We will assess the results of the first principal component.
system.time(res <- bootstrap_pls(x, y, 500, 3, "dim 1"))
## user system elapsed
## 57.321 3.544 61.667
str(res)
## List of 1
## $ pred_frame:'data.frame': 32000 obs. of 11 variables:
## ..$ row.names(pls_pred): Factor w/ 64 levels "ID202","ID203",..: 1 2 3 4 5 6 7 8 9 10 ...
## ..$ BUN.mg.dL. : num [1:32000] 19 18.8 15.7 15.8 18.1 ...
## ..$ Creat.mg.dL. : num [1:32000] 0.723 0.719 0.666 0.669 0.707 ...
## ..$ TP.g.dL. : num [1:32000] 7.56 7.54 7.29 7.31 7.49 ...
## ..$ ALB.g.dL. : num [1:32000] 5.09 5.07 4.87 4.88 5.02 ...
## ..$ ALT.IU.L. : num [1:32000] 1482 1463 1203 1217 1404 ...
## ..$ SDH.IU.L. : num [1:32000] 114 114 116 116 115 ...
## ..$ AST.IU.L. : num [1:32000] 3037 3011 2674 2693 2935 ...
## ..$ ALP.IU.L. : num [1:32000] 371 368 327 329 358 ...
## ..$ TBA.umol.L. : num [1:32000] 19 19.3 23.9 23.6 20.3 ...
## ..$ Cholesterol.mg.dL. : num [1:32000] 80.1 80.4 85.1 84.9 81.5 ...
Let’s subset a random ID to take a look at some of the results
tmp <- as.character(res$pred_frame[sample(nrow(res$pred_frame), 1), ]$`row.names(pls_pred)`)
tmp <- res$pred_frame[(res$pred_frame$`row.names(pls_pred)` == tmp),]
hist(tmp$BUN.mg.dL.)
hist(tmp$Cholesterol.mg.dL.)
rm(tmp)
Looks normal.
## Subset predictions
res <- res$pred_frame
## Rename ID column, convert to character
colnames(res)[1] <- "ID"
res$ID <- as.character(res$ID)
## Aggregate means
clin_res_boot <- aggregate(res, by = list(res$ID), FUN = mean)
## Clean
row.names(clin_res_boot) <- clin_res_boot$Group.1
clin_res_boot <- clin_res_boot[,3:ncol(clin_res_boot)]
## Performance
cat("Root Mean Square Errors:")
## Root Mean Square Errors:
metrics(y, clin_res_boot)
## BUN.mg.dL. Creat.mg.dL. TP.g.dL. ALB.g.dL. ALT.IU.L. SDH.IU.L.
## 1 4.268934 0.05988033 0.3874173 0.2581309 3361.192 159.9192
## AST.IU.L. ALP.IU.L. TBA.umol.L. Cholesterol.mg.dL.

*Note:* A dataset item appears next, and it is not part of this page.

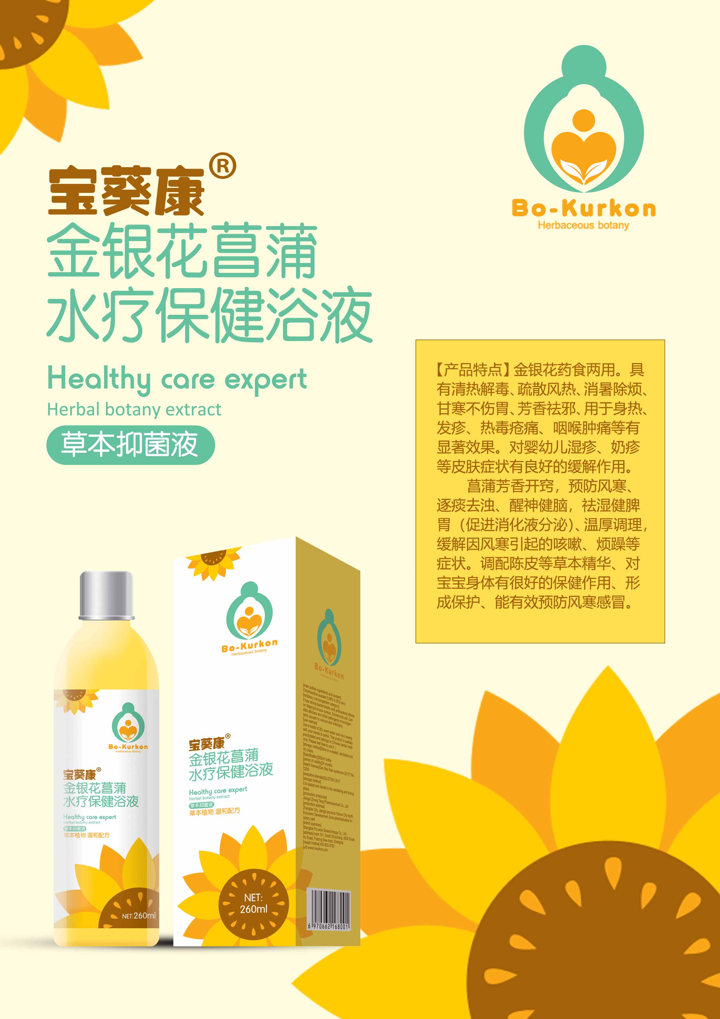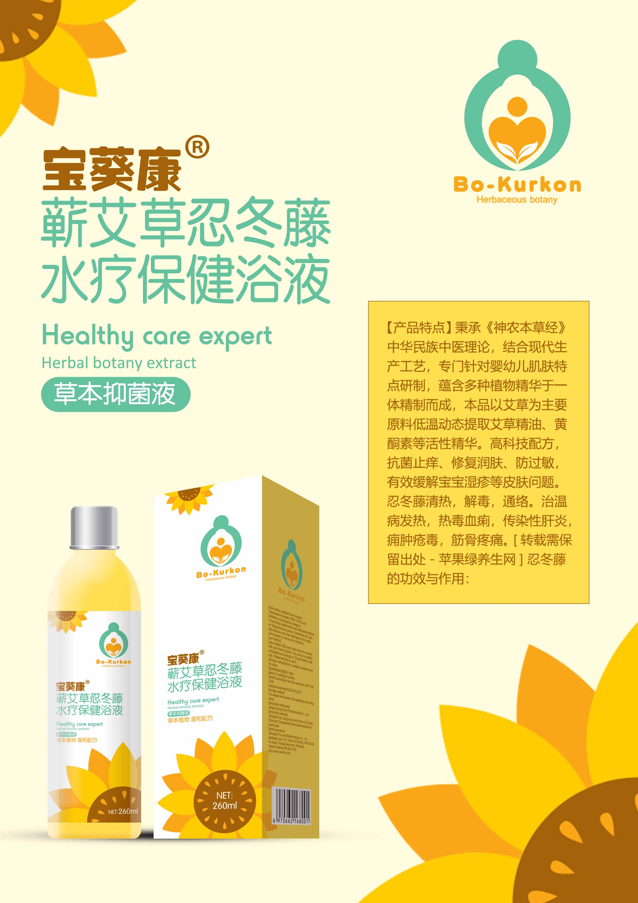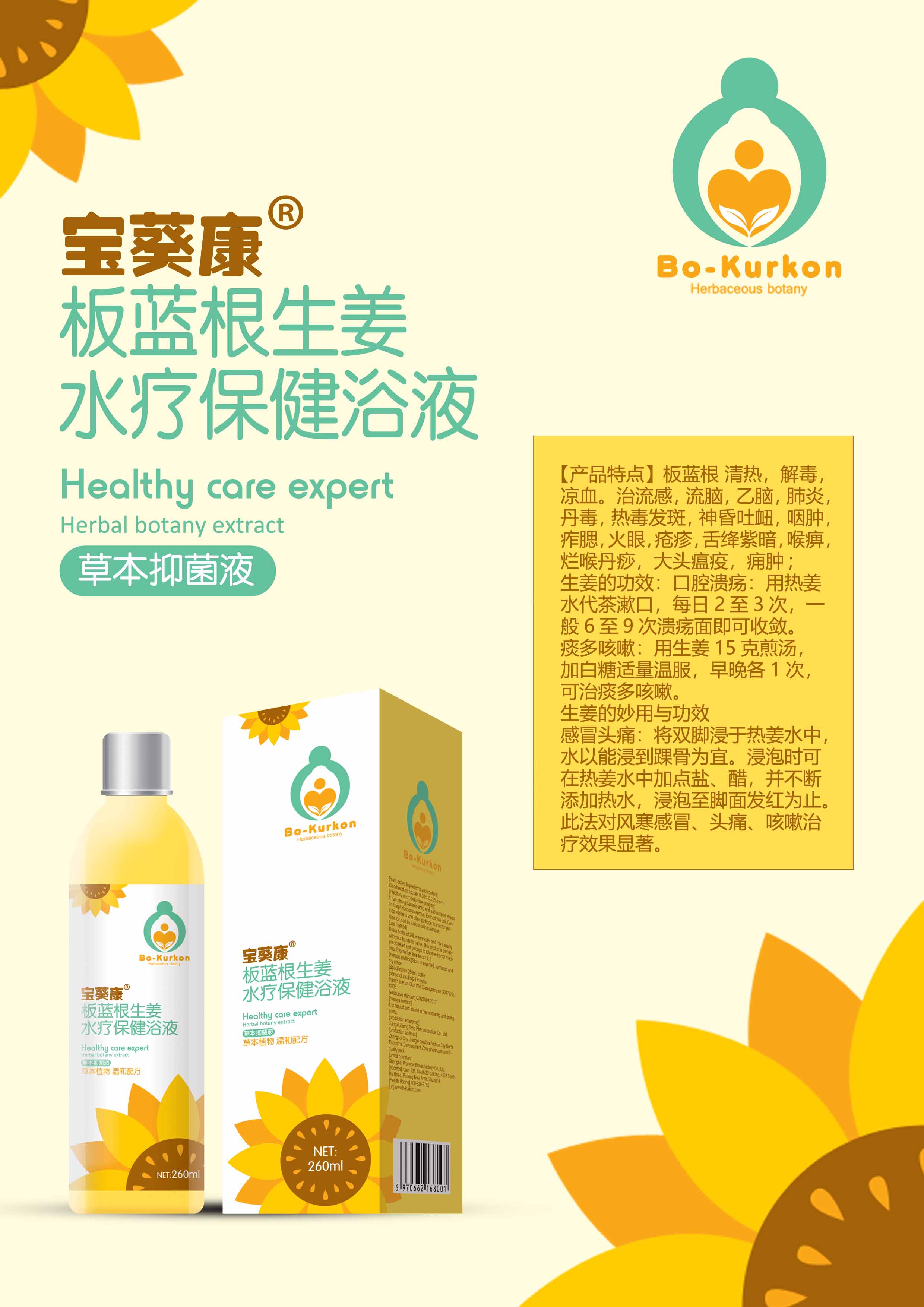 寶葵康水療保健浴液是上海親喔生物科技有限公司旗下洗護系列新品,配方科學,作用顯著,上市即熱賣,口碑炸裂,有板藍根生姜、黃芪野菊花、金銀花菖蒲、龍膽草紫蘇、蘄艾忍冬藤、新生兒茵陳六種單品。 寶葵康板藍根生姜水療保健浴液

## 1 7078.354 60.23563 23.0043 14.01628
## Actual vs Predicted Values
cat("Predicted:\n")
## Predicted:
print(head(round(clin_res_boot, 2)))
## BUN.mg.dL. Creat.mg.dL. TP.g.dL. ALB.g.dL. ALT.IU.L. SDH.IU.L.
## ID202 16.95 0.69 7.47 5.01 1556.34 81.58
## ID203 16.98 0.69 7.47 5.01 1589.40 81.64
## ID204 17.02 0.69 7.47 5.01 1631.84 78.78
## ID206 16.98 0.69 7.47 5.01 1589.43 78.25
## ID208 16.93 0.69 7.47 5.01 1539.99 80.44
## ID209 16.99 0.69 7.48 5.01 1570.10 81.93
## AST.IU.L. ALP.IU.L. TBA.umol.L. Cholesterol.mg.dL.
## ID202 3126.74 337.81 19.55 82.91
## ID203 3196.23 338.12 19.73 82.82
## ID204 3260.03 337.87 19.76 82.71
## ID206 3170.02 337.64 19.44 82.82
## ID208 3083.86 337.52 19.32 82.95
## ID209 3160.15 338.12 19.65 82.86
cat("Actual:\n")
## Actual:
print(head(y))
## BUN.mg.dL. Creat.mg.dL. TP.g.dL. ALB.g.dL. ALT.IU.L. SDH.IU.L.
## ID202 12 0.6 7.3 4.9 73 23
## ID203 15 0.7 7.5 5.0 84 23
## ID204 17 0.8 7.6 5.0 54 14
## ID206 19 0.7 7.5 5.0 369 81
## ID208 20 0.7 7.8 5.1 59 16
## ID209 17 0.7 7.7 5.1 57 10
## AST.IU.L. ALP.IU.L. TBA.umol.L. Cholesterol.mg.dL.
## ID202 87 320 9 85
## ID203 110 325 8 87
## ID204 129 381 4 84
## ID206 450 401 13 82
## ID208 75 359 3 85
## ID209 80 335 13 88
Some predictions are very good, and others are not so good. The bootstrapped method did not outperform the straightforward pls method.